DATA EXTRACT below:

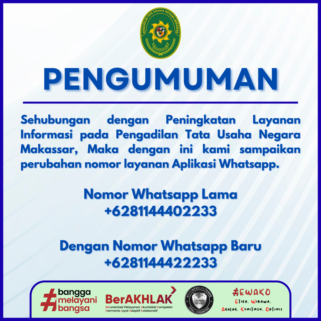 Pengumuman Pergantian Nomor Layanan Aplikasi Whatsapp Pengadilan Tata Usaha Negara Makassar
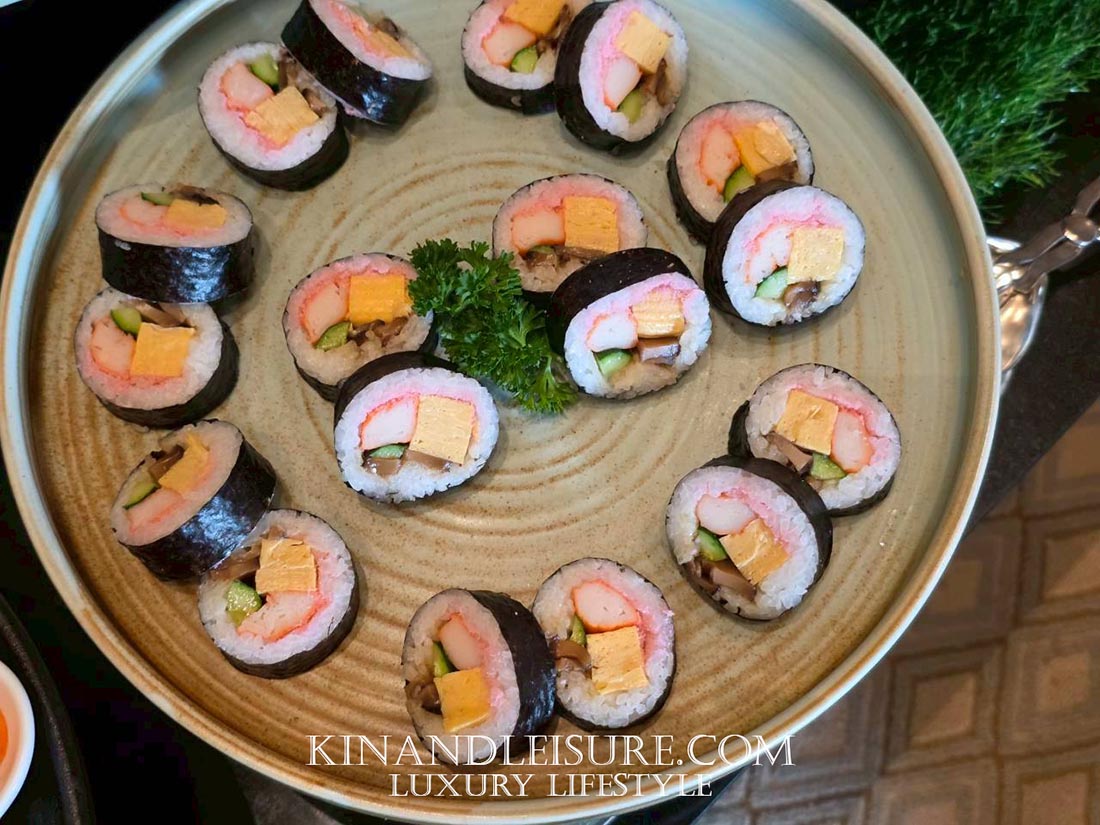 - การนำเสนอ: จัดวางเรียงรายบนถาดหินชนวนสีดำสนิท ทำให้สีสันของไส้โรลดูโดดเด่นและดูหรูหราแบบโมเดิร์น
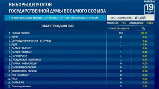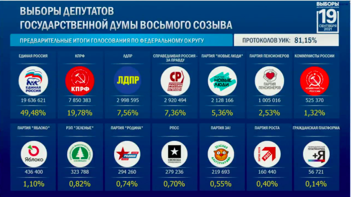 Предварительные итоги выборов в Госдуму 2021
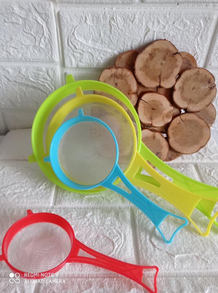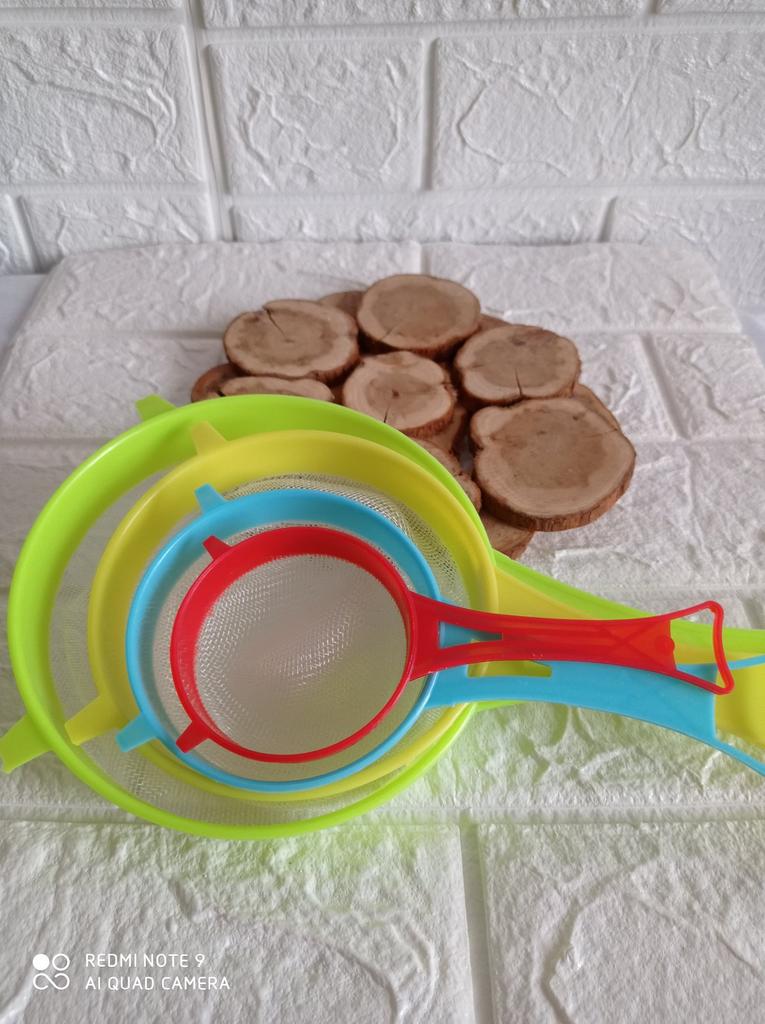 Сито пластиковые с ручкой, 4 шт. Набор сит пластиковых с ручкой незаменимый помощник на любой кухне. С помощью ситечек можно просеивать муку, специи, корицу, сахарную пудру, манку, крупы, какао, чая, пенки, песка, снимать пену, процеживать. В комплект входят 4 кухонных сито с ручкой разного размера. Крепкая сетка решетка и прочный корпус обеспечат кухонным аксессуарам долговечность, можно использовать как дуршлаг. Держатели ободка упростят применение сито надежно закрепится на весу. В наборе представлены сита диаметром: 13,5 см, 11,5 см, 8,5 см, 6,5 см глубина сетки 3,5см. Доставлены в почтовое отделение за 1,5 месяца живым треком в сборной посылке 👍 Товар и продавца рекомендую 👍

End of DATA EXTRACT.

TO DO ▸
Using the material above, transcribe exactly the lines from the one holding "- การนำเสนอ: จัดวางเรียงรายบนถาดหินชนวนสีดำสนิท" to the one holding "Предварительные итоги выборов в Госдуму 2021", both ends kept. Do not carry over any pictures.

ANSWER TO THIS PROBLEM ▸
 - การนำเสนอ: จัดวางเรียงรายบนถาดหินชนวนสีดำสนิท ทำให้สีสันของไส้โรลดูโดดเด่นและดูหรูหราแบบโมเดิร์น
 Предварительные итоги выборов в Госдуму 2021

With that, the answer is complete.